Mais le même organisme souligne que la dernière campagne mondiale s'est caractérisée par un déficit d'environ 175.000 tonnes de cacao, dû en partie à une sécheresse en Afrique, pour un marché mondial du chocolat estimé à 80 milliards d'euros. Conséquence, les cours ont explosé : + 25 % en 2013, suivi d'une nouvelle hausse début 2014. En fin de semaine dernière, la tonne s'échangeait à quasiment 1.900 livres à Londres et plus de 3.000 dollars à New York.
Thomas Plugh, spécialiste en matières premières agricoles chez le conseiller britannique en investissements Capital Economics, s'attend lui "à une croissance raisonnablement forte de l'offre latino-américaine au cours des prochaines années". "Les plus grands producteurs resteront l'Afrique de l'Ouest, mais les prévisions pour l'Amérique latine sont bonnes", poursuit-il. "La demande de cacao des pays émergents progresse fortement, notamment en Chine", doublée d'un "retour ferme" des consommateurs traditionnels (l'Europe, suivie de l'Amérique du Nord), renchérit Florence Pradier, secrétaire générale du Syndicat du chocolat Alliance 7 à Paris. La demande asiatique est aussi tirée, selon le dernier rapport Cyclope sur les matières premières coordonnées par l'Université Paris-Dauphine, par "le marché indien qui enregistre la plus forte croissance au monde, de l'ordre de 20 à 25 %" par an.

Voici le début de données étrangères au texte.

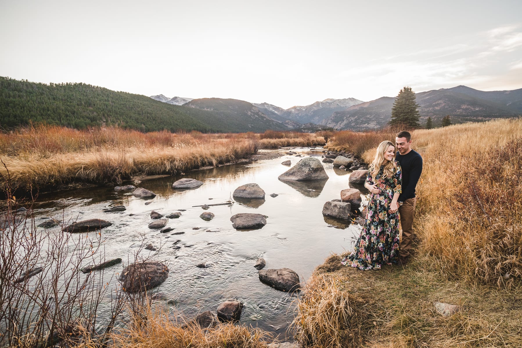 Our favorite moment during this romantic Rocky Mountain National Park engagement photo session was happening upon some fishermen. With our fingers crossed for luck, we approached them with the request to incorporate them into our photos. To our delight, they were on board!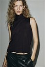 Топ без рукавов из мягкого тонкого трикотажа с драпирующейся черепаховой горловиной и широким шарфом-декором.

L'offre mondiale de cacao est largement dominée par la Côte d'Ivoire (1,5 million de tonnes prévues en 2013-2014) et le Ghana (870.000 tonnes), mais l'Amérique latine peut tirer son épingle du jeu si la demande augmente pour des cacaos de qualité. "La production pourrait changer en fonction de l'évolution du marché" pour ces cacaos fins, confirme Moises Gomez, de l'ICCO. "Le cacao courant représente la majorité de la demande mondiale et provient principalement d'Afrique de l'Ouest. Le cacao fin, qui représente 5 % de la demande, vient lui d'Amérique latine", explique-t-il. "L'Europe est le plus gros acheteur de cacaos fins. Les Américains sont habitués à des chocolats à haute teneur en lait et en sucre, et pour cela, pas besoin de cacao d'excellente qualité. Mais quand quelqu'un veut un cacao sombre et avec de bonnes caractéristiques gustatives, il cherche un cacao latino-américain ou de Madagascar", explique-t-il.

Encourager la production

"Les conditions climatiques et les sols sont ce qui contribue le plus aux saveurs" des cacaos, poursuit Moises Gomez, qui rappelle que "des variétés de cacao fins ont été plantés en Afrique mais sans atteindre les qualités de ceux d'Amérique". Le forastero, le plus commun, mais surtout les criollo, trinitario, nacional, sans compter les hybrides : toutes les variétés s'épanouissent en Amérique latine. Et quasiment partout : Équateur et Brésil en tête, avec environ 200.000 tonnes par an chacun (et plus de 500 millions d'euros de recettes), mais également au Pérou, au Venezuela, en Colombie, en République dominicaine, en Amérique centrale et jusqu'au Mexique.
Avec 63.000 tonnes produites en 2013, le Pérou illustre à la fois ce pari sur les cacaos de qualité et la difficulté à satisfaire l'appétit des acheteurs. "Notre production ne nous permet pas de proposer une offre en termes de volume" alors le secteur mise sur "une offre différenciée, car là se trouve la compétitivité", en investissant par exemple dans la production biologique, explique Carmen Rosa Chavez, du ministère de l'Agriculture péruvien. "Le problème est que nous n'avons pas les quantités suffisantes pour satisfaire" la demande des grands chocolatiers européens, renchérit Francisco Riva, dirigeant de l'Association péruvienne des producteurs de cacao. Mais face aux prévisions d'augmentation de la demande, il est nécessaire d'agir afin d"'éviter une pénurie dans les décennies à venir", notamment "par des mesures d'encouragement, de soutien à la production, d'amélioration des rendements", avertit Florence Pradier.